== RECORDED INFORMATION ==
»»

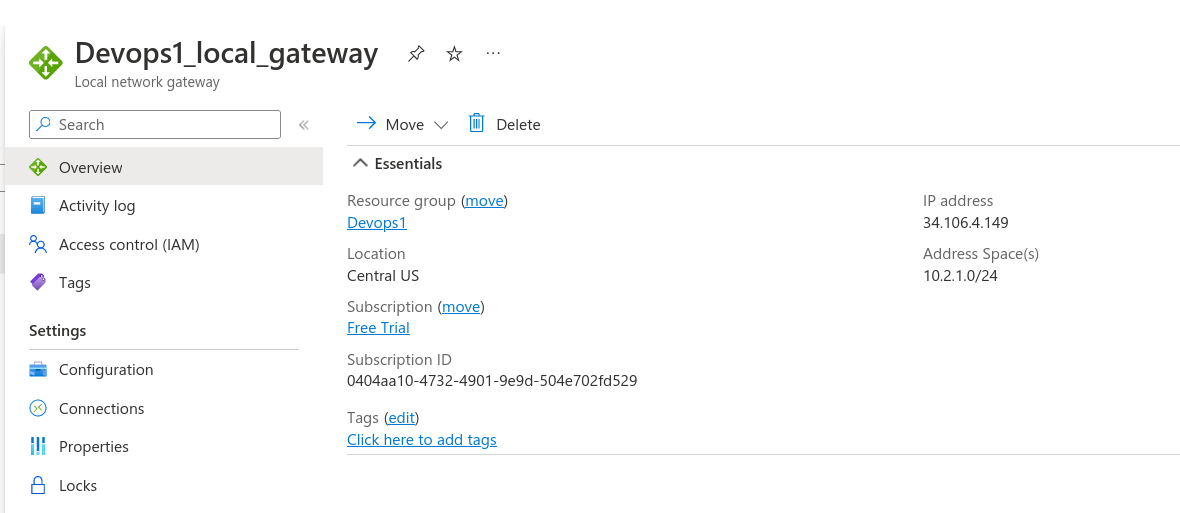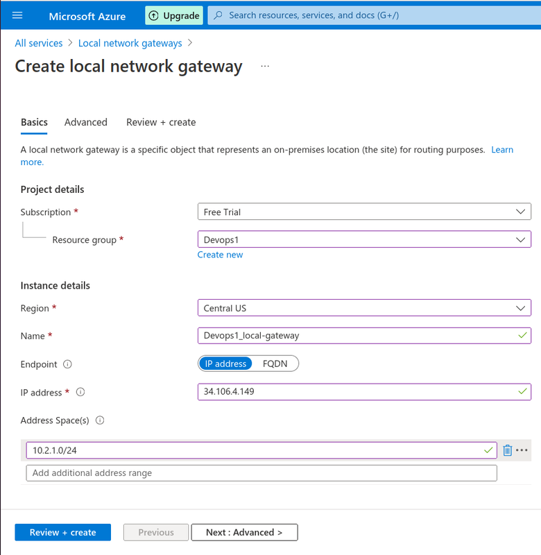 - The address spaces for the network that this local network represents are referred to as address spaces. Multiple address space ranges can be added. Make sure the ranges you provide here do not cross over with the ranges of any other networks you intend to connect to.here i have specified the ip of gcp subnet where i am making connection.
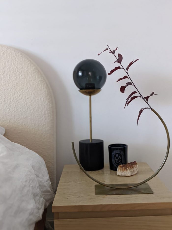 Our recent addition of the boucle bedhead has really changed the vibe of the bedroom as it is tactile and really emphasises the bed as a place to relax beyond sleeping. Anyone who knows me knows how much I love my sleep. This simple addition means I can linger for longer in bed, and so much more comfortably. We have a lovely king size bed and the four of us come together as a morning ritual for a cuddle and chat before our day begins.
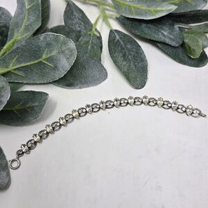 Vintage sterling silver prong set rhinestone bracelet. The bracelet is stunning, the rhinestone and settings could use to be cleaned but selling it as is. All rhinestones are present. The clasp is stamped sterling on one side and Van Dell Sterling on the other. It is closed with a spring clasp. It weighs 12.71 grams. Thank you so much for looking. Please see all photos as this is the exact piece you will receive. I am always open to reasonable offers. Have a fantastic day!
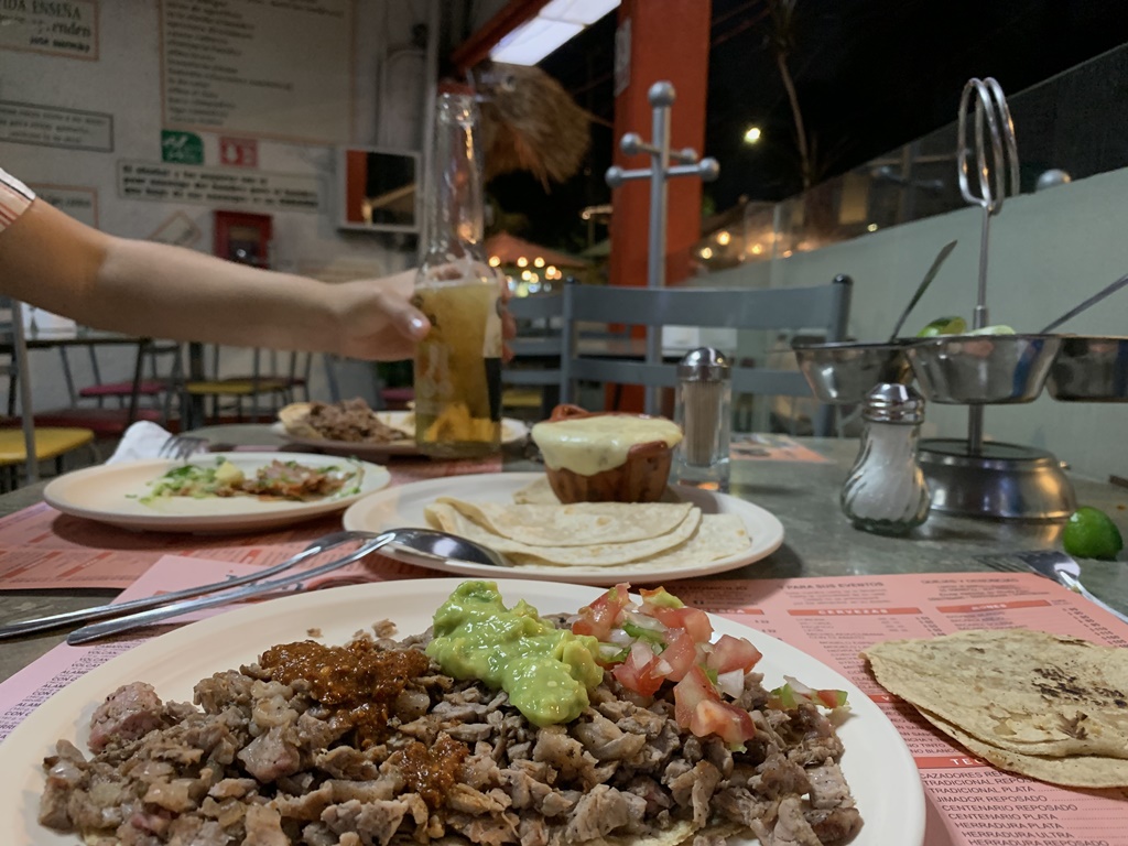 No queremos demeritar a sus hermanos menores costilla, chuleta o pastor (cortado aquí en finísimas láminas, como debe ser, con su intenso adobo de achiote, especias y chiles rojos), pero Juan Bisteces ha reinventado el bistec. Quisiera tener a Lalo cerca, llevarlo en la noche a Avenida Universidad y meterlo en el local donde todo-todo-todo es naranja (su fachada luminosa, sus sillas, la vestimenta de los meseros) por una sencilla razón: al ver ese color aumentan tu ritmo respiratorio y presión arterial, y por lo tanto te da hambre. Ella aquí se calma con tacos de bistec solo, bistec con nopal, bistec con hongo, bistec con queso y más combinaciones. Ignoro la razón científica con la que la teoría de Lalo se refuta, pero en esta taquería el bistec es jugoso, consistente, suave y de sazón penetrante, como si se condensaran las virtudes de la carne, y por si algo le faltaba puedes agregarle la sustancia apoyada en tu mesa de melamina de ponderosa, manjar a medio camino entre la salsa verde y el guacamole (perdón, Lalo, ustedes tienen a Messi pero la salsa ‘guacamolizada’ de Juan Bisteces es muy superior al chimichurri). Exprime a tus tacos unos limoncitos, pizcas de sal y listo. ¡Ñam!

««

== EXERCISE DESCRIPTION ==
Write out an exact copy of the listing, first line through the line containing "Our recent addition", with the pictures left out.

== EXPECTED OUTPUT ==
 - The address spaces for the network that this local network represents are referred to as address spaces. Multiple address space ranges can be added. Make sure the ranges you provide here do not cross over with the ranges of any other networks you intend to connect to.here i have specified the ip of gcp subnet where i am making connection.
 Our recent addition of the boucle bedhead has really changed the vibe of the bedroom as it is tactile and really emphasises the bed as a place to relax beyond sleeping. Anyone who knows me knows how much I love my sleep. This simple addition means I can linger for longer in bed, and so much more comfortably. We have a lovely king size bed and the four of us come together as a morning ritual for a cuddle and chat before our day begins.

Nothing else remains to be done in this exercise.